Edie laid her hand over her heart.
‘It shouldn’t be such a shock, should it? Him asking me things. I know I’ve got to tell him some time. It’s just the longer I leave it the harder it gets.’
It was a conversation the two women had had many times during David’s upbringing. Edie had always said that she would know when it was the right time to tell him, but now it had become a block in her mind. So far as anyone else knew, she was bringing up a boy she’d adopted. People didn’t tend to ask how it had come about and soon it was simply taken for granted that she had a son. The thought of David finding out that he was not her child sent her into a most terrible panic. He had begun to grow away from her in so many little ways: his studiousness, the way he had swept effortlessly into the grammar school and was learning French, Latin, German, his interests in engineering and mathematics, clever books he read, the way he didn’t want to be babied with the name Davey any more. If she told him the truth, he might be angry, and reject her. Her boy, in whom she’d placed all her hopes and who was the focus of all her love. He was still her little Davey in her mind. What would she do without him?
‘I expect his birthday coming up made him think of it,’ Frances said, getting stiffly up from the table.
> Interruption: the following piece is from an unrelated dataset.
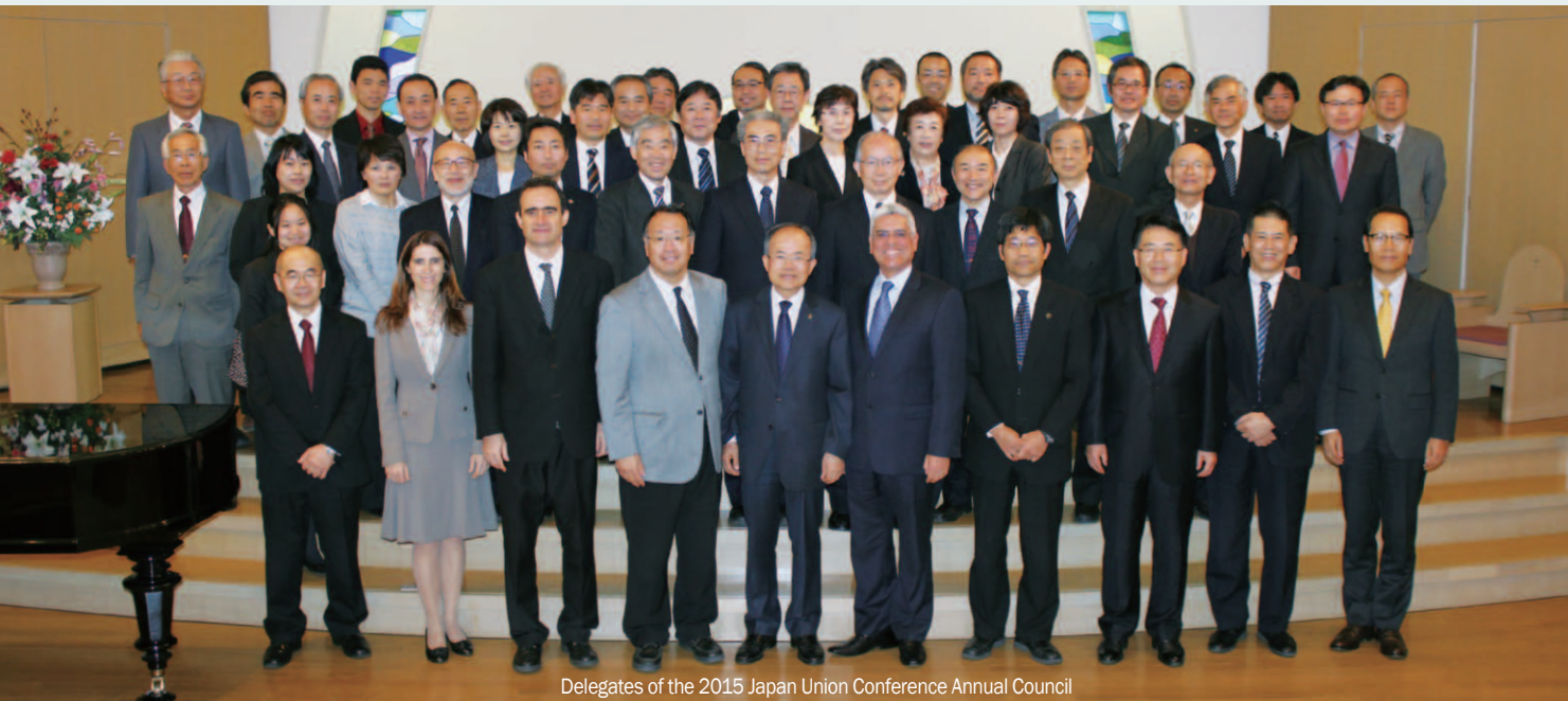
Delegates of the 2015 Japan Union Conference Annual Council

Edie immediately got up to help. Frances’s beautiful thick hair had turned almost pure white, with only a few streaks of silver in it, and she still wore it pinned up in a
soft, attractive style. She was still beautiful, though she walked now with a slight stoop.
‘Let me do it,’ Edie said. ‘You sit down.’ Frances reluctantly agreed.
‘It just all comes over me sometimes,’ Edie said, stacking the plates. ‘I know I’ve been a mother to him, and I love every bone in his body. That should be enough, shouldn’t it? I’m the only mother he remembers. But I hardly know the first thing about him. I can’t see things does and say, “Ah well, he’s like his grandfather or his uncle . . .” Because he’s not part of the bloodline. And here I am telling him it’s his fifteenth birthday tomorrow, and I don’t know exactly when he was born or how old he is . . .’
Frances watched her face. Though her body was ageing now she was in her seventies, her mind was as lively as ever. She had been a friend, protector and substitute mother for Edie and the two women had long enjoyed a deep trust and comfortable understanding with each another.
‘I know it’s hard, dear.’ She passed Edie a dish across the table. ‘It’ll be the hardest thing you’ve ever done. But the time is coming for him to know the truth, isn’t it?’
The first occasion when this happened had shaken Edie up a good deal more, partly because it was the first time and also because of the intimate nature of his question. It was when David was eleven, only a week after he had started at the grammar school.
He came home that night, proud in his new uniform. Frances said he had been unusually quiet. When Edie got in from work she went to find him. Putting her head round the bedroom door, she saw him bent over the table in his bedroom doing his homework.